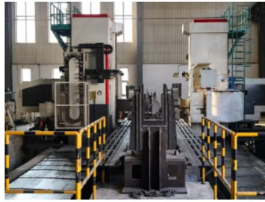
Large double-sided floor boring machine
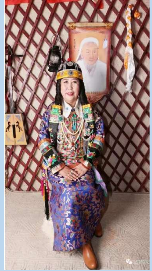
Women clothing of Harausun Torghud (photo by Mi.Shura ,2015)
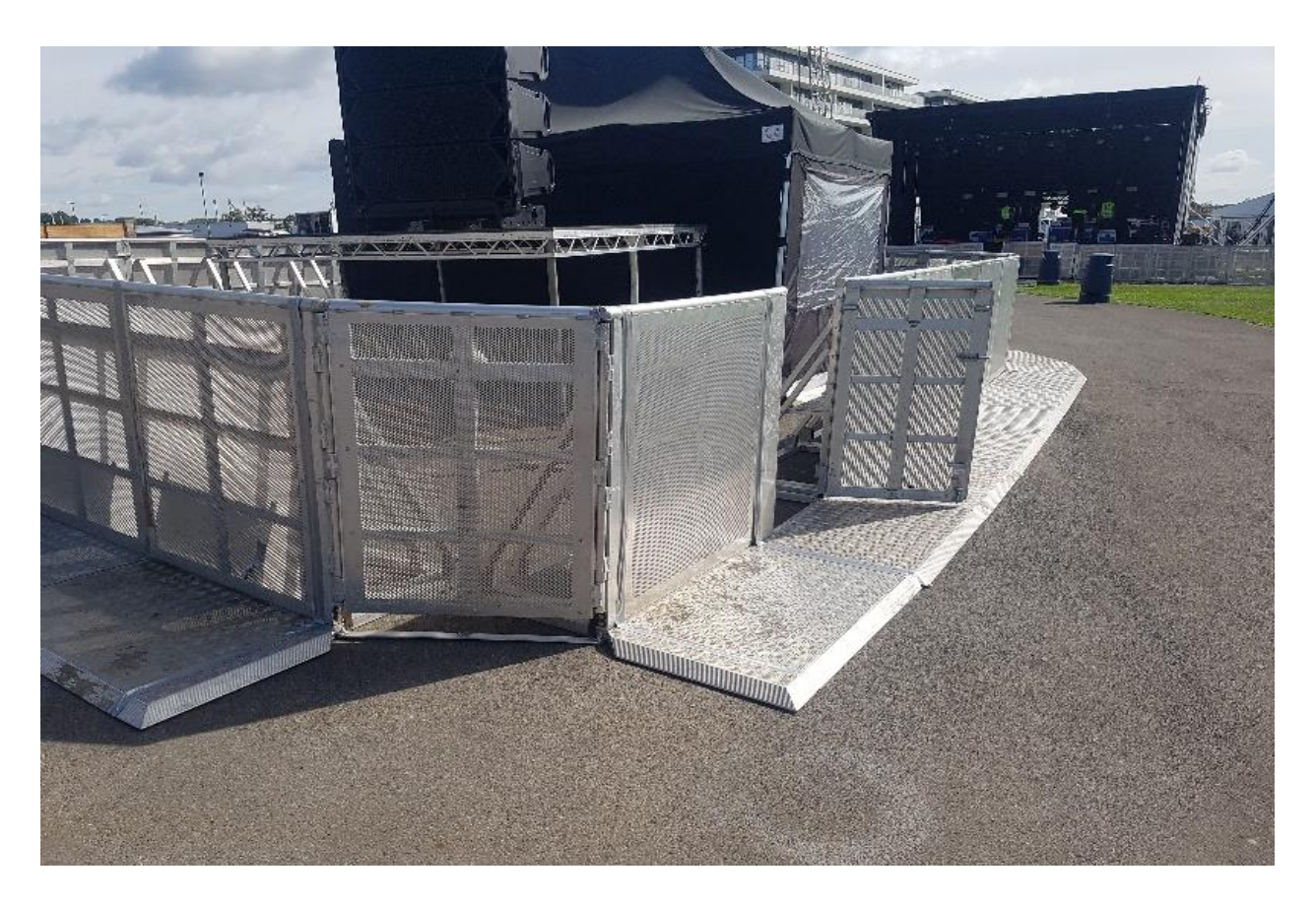
Image showing a 1m front of stage stage/pedestrian gate being used to create access to the front of house area the front of house area has been barrierd all the way round so the gate is the only access creating a secure area.
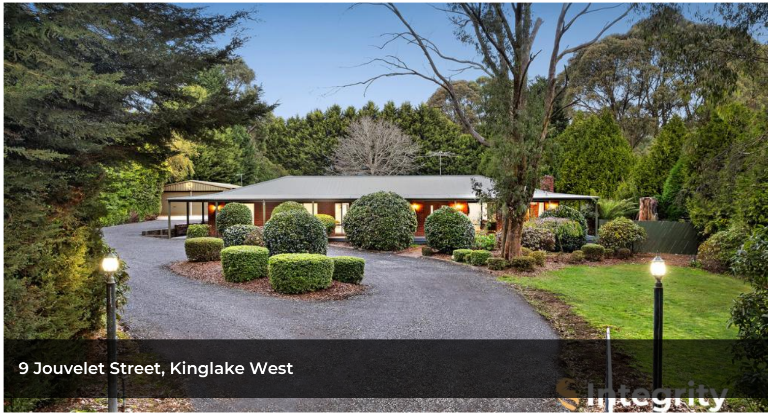
9 Jouvelet Street, Kinglake West
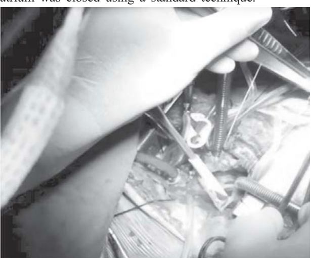
Figure 3 Intracardiac structures after opening of right atrium

One drop-in suckers was placed in the left atrium to maintain a bloodless operative field. Handheld retractor was used to expose the mitral valve ( Figure 2 ). Anterior mitral leaflet excised, complete preservation of posterior mitral leaftlet and submitral apparatus was done to maintain left ventricular geometry. A 27 ATS Medtronic prosthetic valve was seated. Rewarming was started at the time of tying the valve sutures. Prosthetic mitral valve leaflet mobility was checked. Deairing of left side of heart performed. The right atrium was closed using a standard technique.
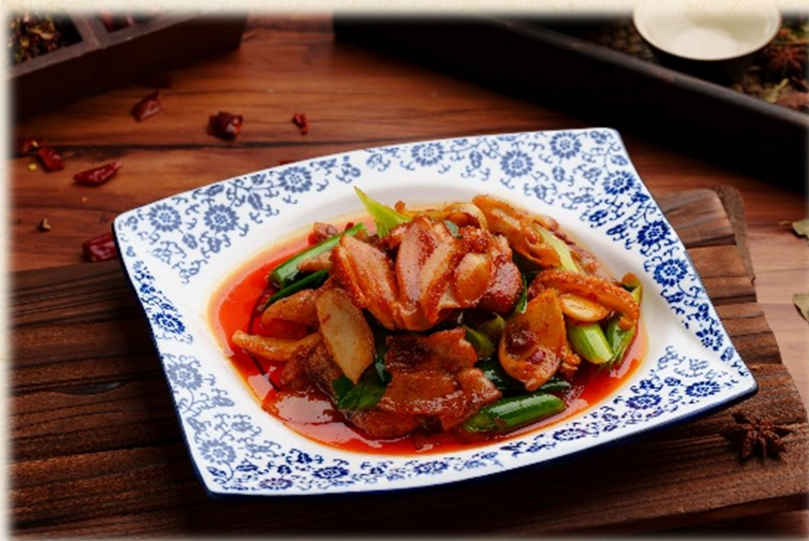
四川鲍鱼回锅肉 澳门元 MOP 168 Stir-fried Sliced Pork with Abalone and Chili Paste
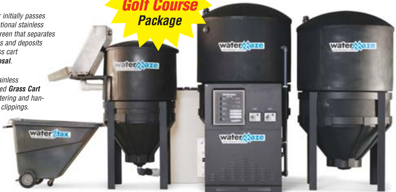
Optional cart for easy disposal of grass clippings

The CLB BioSystem is available with a WaterStax Golf Course package for treating wash-water with a high content of grass clippings and other greenery.
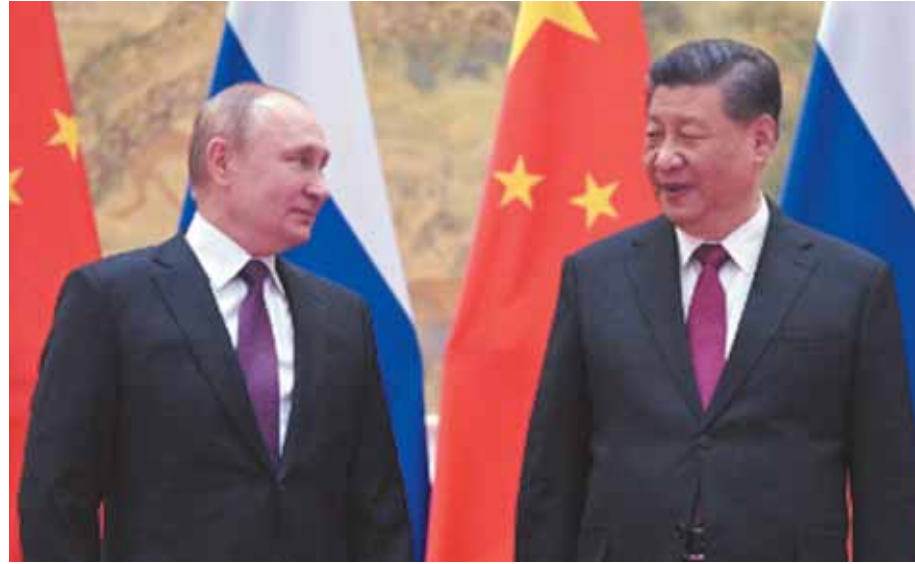
administration. The Chinese president had a call with Trump on Friday and expressed hope for positive ties with the US. Trump had threatened to

factors and the current international environment." "We jointly support the development of a more just multipolar global order and work to ensure indivisible security in Eurasia and the world as a whole," Putin told Xi in remarks carried by the Russian state TV. "Joint efforts by Russia and China play an important stabilising role in global affairs." Xi similarly praised close cooperation between Moscow and Beijing, saying it helps "bring positive energy to reforming and developing the global system." While neither leader directly mentioned Trump in the televised fragment of their call, the timing of the conversation may signal that Putin and Xi want to coordinate their action in dialogue with the new US
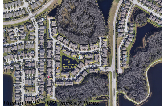
Built in 2005 - 162 units - 2 floors

17530 Stinchar Dr - 17436-17552 Stinchar Dr, Land O Lakes, FL, Pasco 34638
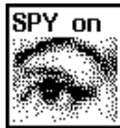
Figure 19.2. SPY Window When SPY is Being Used

To use SPY, click either the left or middle mouse button with the mouse cursor in the SPY window. The window will appear as in Figure 19.2, and means that SPY is accumulating data about your program.
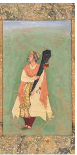
3 A swordbearer ( not illustrated ) Mughal, c. 1590 Opaque pigments and gold on paper Folio: 24.9 × 14.6 cm; Painting: 10 × 8 cm
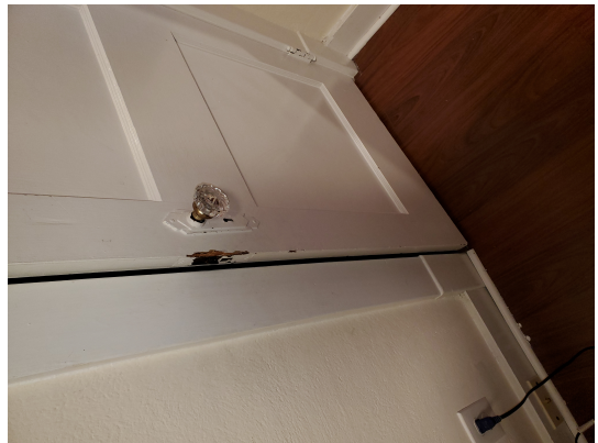
Hazard: Bedroom 3 | Door Casing | Deteriorated Paint
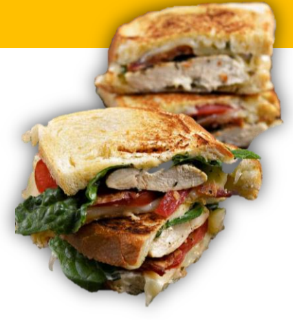
SHISH TAOUK CHICKEN SANDWICH LARGE RS. 650

"Tender & moist inside, crunchy & savoury chicken skin, flavourful filling of homemade sauce, sandwiched between 2 pieces of Multigrain Sourdough bread."
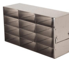
Racks (Crystal Tech)

We can help simplify your supply chain. Ask about Thomas Inventory Management Solutions .
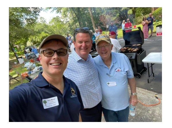
In Woodgate, a District 3 neighborhood celebrating its 50th birthday!
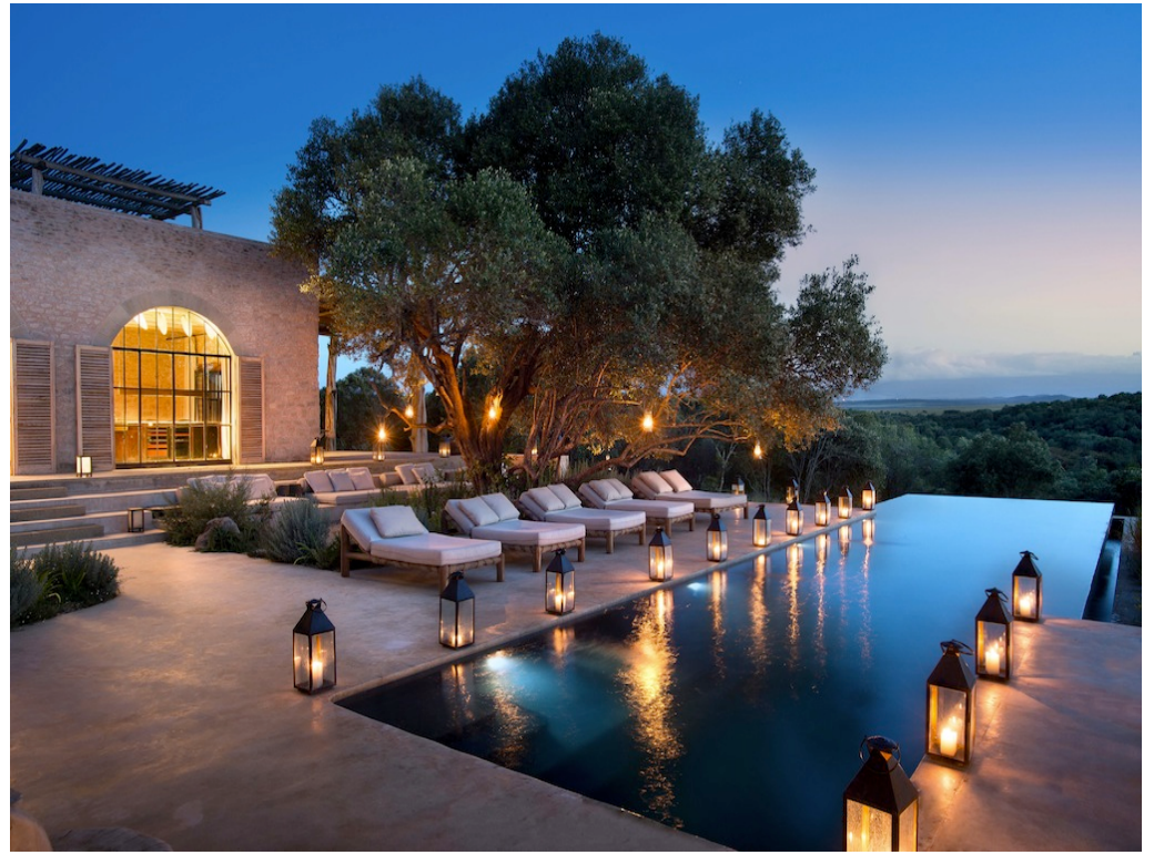
A 400-year-old wild olive tree enjoys pride of place by Arijiju's infinity pool.

The jeep grinds to a halt as we spot a massive white rhino 10 yards to our left. Raising his huge head from the grass, he eyes us warily and edges closer, relying on his keen sense of smell and
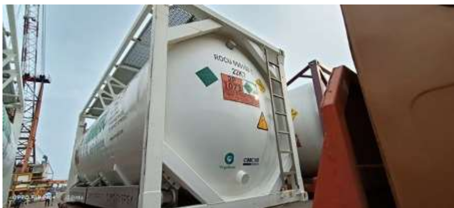
Photo 2. Medical relief from Kuwait on-board INS Tabar comprising of 2 ISO Oxygen tanks containing 40 metric tonnes of Liquid Medical Oxygen and 600 Oxygen Cylinders, docked at New Mangalore port yesterday for further distribution to various States.
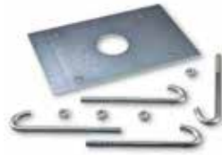
ASOB4000 Anchorage base
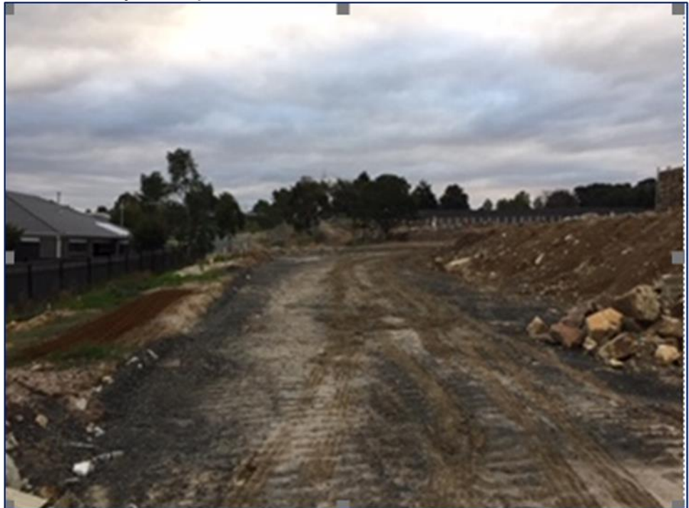
Figure 5. Mulcahy Road looking west to Moritz Street from Pointer Drive- soon to be constructed by developer

The developer of the Worthington Estate (west of Thewlis Road) will be constructing the modified T intersection of Kenneth Road and Thewlis Road in the near future. The new intersection will maintain road priority as per the Cardinia Road Precinct Structure Plan with a local arterial road connection from Thewlis Road (southern approach), to Kenneth Road (western approach). Motorists wanting to continue straight (north) along Thewlis Road will in effect have to make a right hand turn. This can be seen in Figure 7.
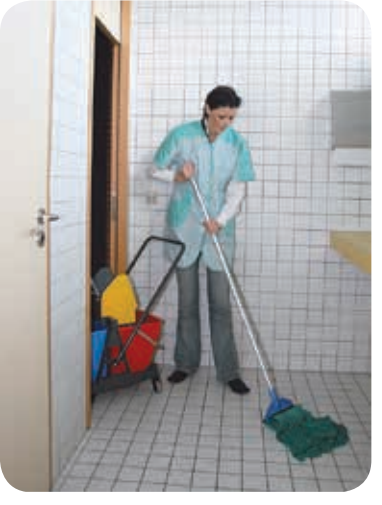
R001531 with R001530 and FGT81206GR00 Web Foot Tube mop (page 68).
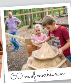
60 m of marble run

At the “ Wagnerhäusl ” our little visitors can actively get to know the profession of wagon-maker through play.
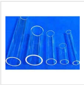
Borosilicate Glass Tube
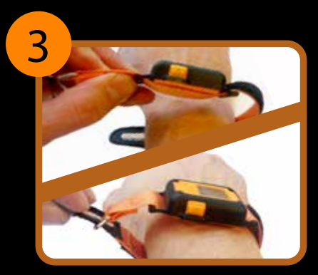
3. Insert HAVwear into the holder so that the strap is in contact with the wrist. Snugly fit the strap around the wrist (do not remove until returning to a Docking station).
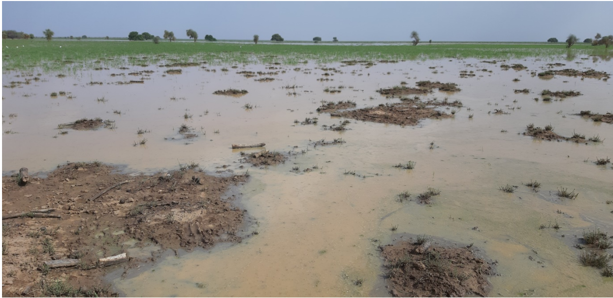
Lake Aleg, soils at the water edge were sandy clay and compacted from the large grazing herds visiting the lake to drink.
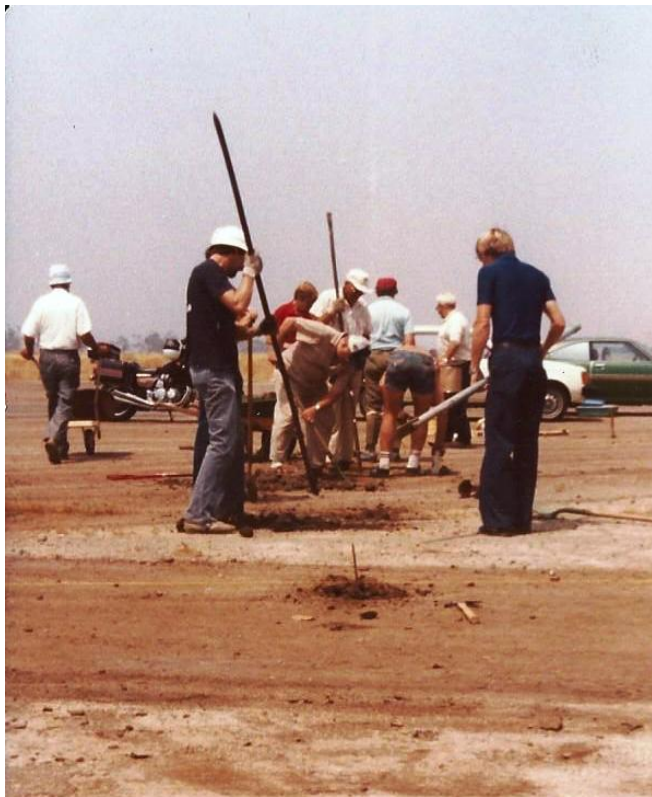
Hangar Build at Brown Field: Digging Post Holes

----

(What you will do): Output every line of the records above unchanged, and keep the pictures out.

(Answer to this exercise):
Large double-sided floor boring machine
Women clothing of Harausun Torghud (photo by Mi.Shura ,2015)
Image showing a 1m front of stage stage/pedestrian gate being used to create access to the front of house area the front of house area has been barrierd all the way round so the gate is the only access creating a secure area.
9 Jouvelet Street, Kinglake West
Figure 3 Intracardiac structures after opening of right atrium

One drop-in suckers was placed in the left atrium to maintain a bloodless operative field. Handheld retractor was used to expose the mitral valve ( Figure 2 ). Anterior mitral leaflet excised, complete preservation of posterior mitral leaftlet and submitral apparatus was done to maintain left ventricular geometry. A 27 ATS Medtronic prosthetic valve was seated. Rewarming was started at the time of tying the valve sutures. Prosthetic mitral valve leaflet mobility was checked. Deairing of left side of heart performed. The right atrium was closed using a standard technique.
四川鲍鱼回锅肉 澳门元 MOP 168 Stir-fried Sliced Pork with Abalone and Chili Paste
Optional cart for easy disposal of grass clippings

The CLB BioSystem is available with a WaterStax Golf Course package for treating wash-water with a high content of grass clippings and other greenery.
administration. The Chinese president had a call with Trump on Friday and expressed hope for positive ties with the US. Trump had threatened to

factors and the current international environment." "We jointly support the development of a more just multipolar global order and work to ensure indivisible security in Eurasia and the world as a whole," Putin told Xi in remarks carried by the Russian state TV. "Joint efforts by Russia and China play an important stabilising role in global affairs." Xi similarly praised close cooperation between Moscow and Beijing, saying it helps "bring positive energy to reforming and developing the global system." While neither leader directly mentioned Trump in the televised fragment of their call, the timing of the conversation may signal that Putin and Xi want to coordinate their action in dialogue with the new US
Built in 2005 - 162 units - 2 floors

17530 Stinchar Dr - 17436-17552 Stinchar Dr, Land O Lakes, FL, Pasco 34638
Figure 19.2. SPY Window When SPY is Being Used

To use SPY, click either the left or middle mouse button with the mouse cursor in the SPY window. The window will appear as in Figure 19.2, and means that SPY is accumulating data about your program.
3 A swordbearer ( not illustrated ) Mughal, c. 1590 Opaque pigments and gold on paper Folio: 24.9 × 14.6 cm; Painting: 10 × 8 cm
Hazard: Bedroom 3 | Door Casing | Deteriorated Paint
SHISH TAOUK CHICKEN SANDWICH LARGE RS. 650

"Tender & moist inside, crunchy & savoury chicken skin, flavourful filling of homemade sauce, sandwiched between 2 pieces of Multigrain Sourdough bread."
Racks (Crystal Tech)

We can help simplify your supply chain. Ask about Thomas Inventory Management Solutions .
In Woodgate, a District 3 neighborhood celebrating its 50th birthday!
A 400-year-old wild olive tree enjoys pride of place by Arijiju's infinity pool.

The jeep grinds to a halt as we spot a massive white rhino 10 yards to our left. Raising his huge head from the grass, he eyes us warily and edges closer, relying on his keen sense of smell and
Photo 2. Medical relief from Kuwait on-board INS Tabar comprising of 2 ISO Oxygen tanks containing 40 metric tonnes of Liquid Medical Oxygen and 600 Oxygen Cylinders, docked at New Mangalore port yesterday for further distribution to various States.
ASOB4000 Anchorage base
Figure 5. Mulcahy Road looking west to Moritz Street from Pointer Drive- soon to be constructed by developer

The developer of the Worthington Estate (west of Thewlis Road) will be constructing the modified T intersection of Kenneth Road and Thewlis Road in the near future. The new intersection will maintain road priority as per the Cardinia Road Precinct Structure Plan with a local arterial road connection from Thewlis Road (southern approach), to Kenneth Road (western approach). Motorists wanting to continue straight (north) along Thewlis Road will in effect have to make a right hand turn. This can be seen in Figure 7.
R001531 with R001530 and FGT81206GR00 Web Foot Tube mop (page 68).
60 m of marble run

At the “ Wagnerhäusl ” our little visitors can actively get to know the profession of wagon-maker through play.
Borosilicate Glass Tube
3. Insert HAVwear into the holder so that the strap is in contact with the wrist. Snugly fit the strap around the wrist (do not remove until returning to a Docking station).
Lake Aleg, soils at the water edge were sandy clay and compacted from the large grazing herds visiting the lake to drink.
Hangar Build at Brown Field: Digging Post Holes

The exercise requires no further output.